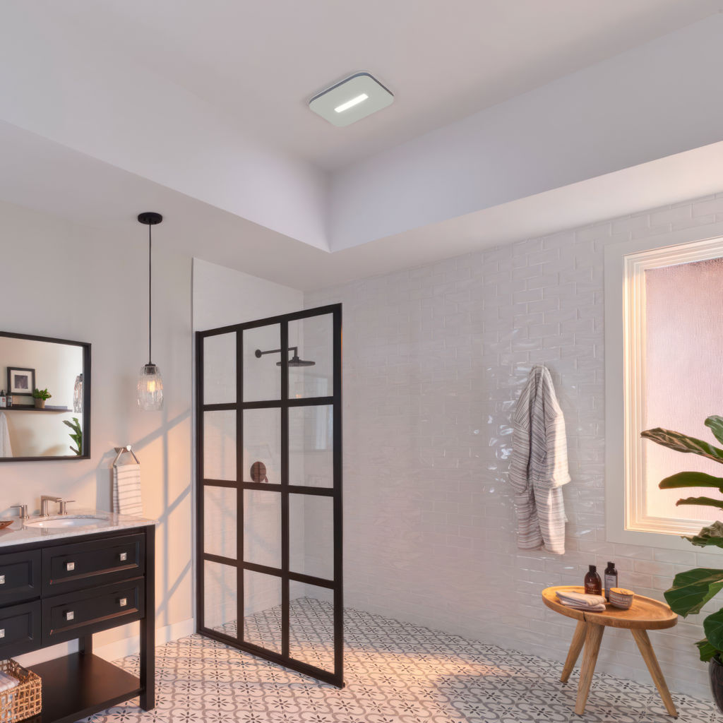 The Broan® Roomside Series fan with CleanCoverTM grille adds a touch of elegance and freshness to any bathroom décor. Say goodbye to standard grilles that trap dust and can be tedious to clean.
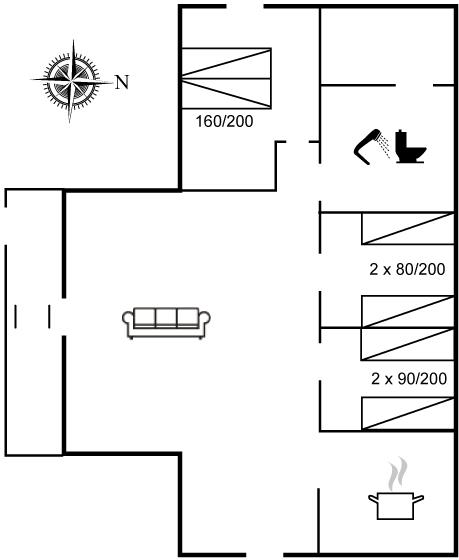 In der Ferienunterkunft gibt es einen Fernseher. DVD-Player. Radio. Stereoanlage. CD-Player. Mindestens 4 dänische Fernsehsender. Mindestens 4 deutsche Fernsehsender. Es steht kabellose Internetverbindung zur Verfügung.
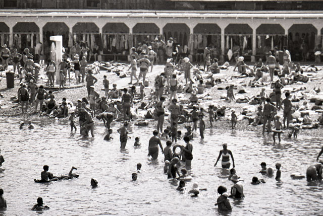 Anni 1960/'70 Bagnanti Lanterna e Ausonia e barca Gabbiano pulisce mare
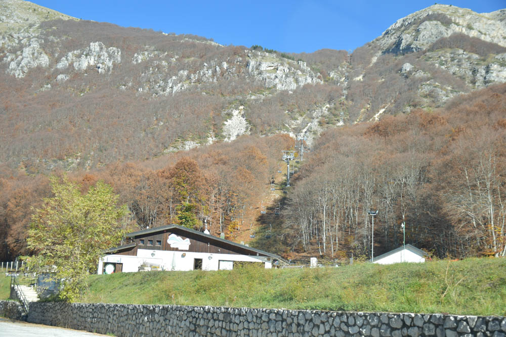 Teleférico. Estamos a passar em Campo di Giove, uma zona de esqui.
-=-=-
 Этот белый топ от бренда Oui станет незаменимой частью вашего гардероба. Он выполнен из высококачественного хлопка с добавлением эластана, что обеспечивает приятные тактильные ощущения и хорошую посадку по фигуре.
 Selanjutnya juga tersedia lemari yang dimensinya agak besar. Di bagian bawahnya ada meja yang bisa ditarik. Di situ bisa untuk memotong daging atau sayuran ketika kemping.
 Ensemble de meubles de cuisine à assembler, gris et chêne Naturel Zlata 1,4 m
-=-=-
Exercise instructions: With the pictures omitted, copy exactly the lines of the listing above starting at the line containing "The Broan® Roomside" and ending at the line containing "Teleférico. Estamos a", both included.

Expected answer:
 The Broan® Roomside Series fan with CleanCoverTM grille adds a touch of elegance and freshness to any bathroom décor. Say goodbye to standard grilles that trap dust and can be tedious to clean.
 In der Ferienunterkunft gibt es einen Fernseher. DVD-Player. Radio. Stereoanlage. CD-Player. Mindestens 4 dänische Fernsehsender. Mindestens 4 deutsche Fernsehsender. Es steht kabellose Internetverbindung zur Verfügung.
 Anni 1960/'70 Bagnanti Lanterna e Ausonia e barca Gabbiano pulisce mare
 Teleférico. Estamos a passar em Campo di Giove, uma zona de esqui.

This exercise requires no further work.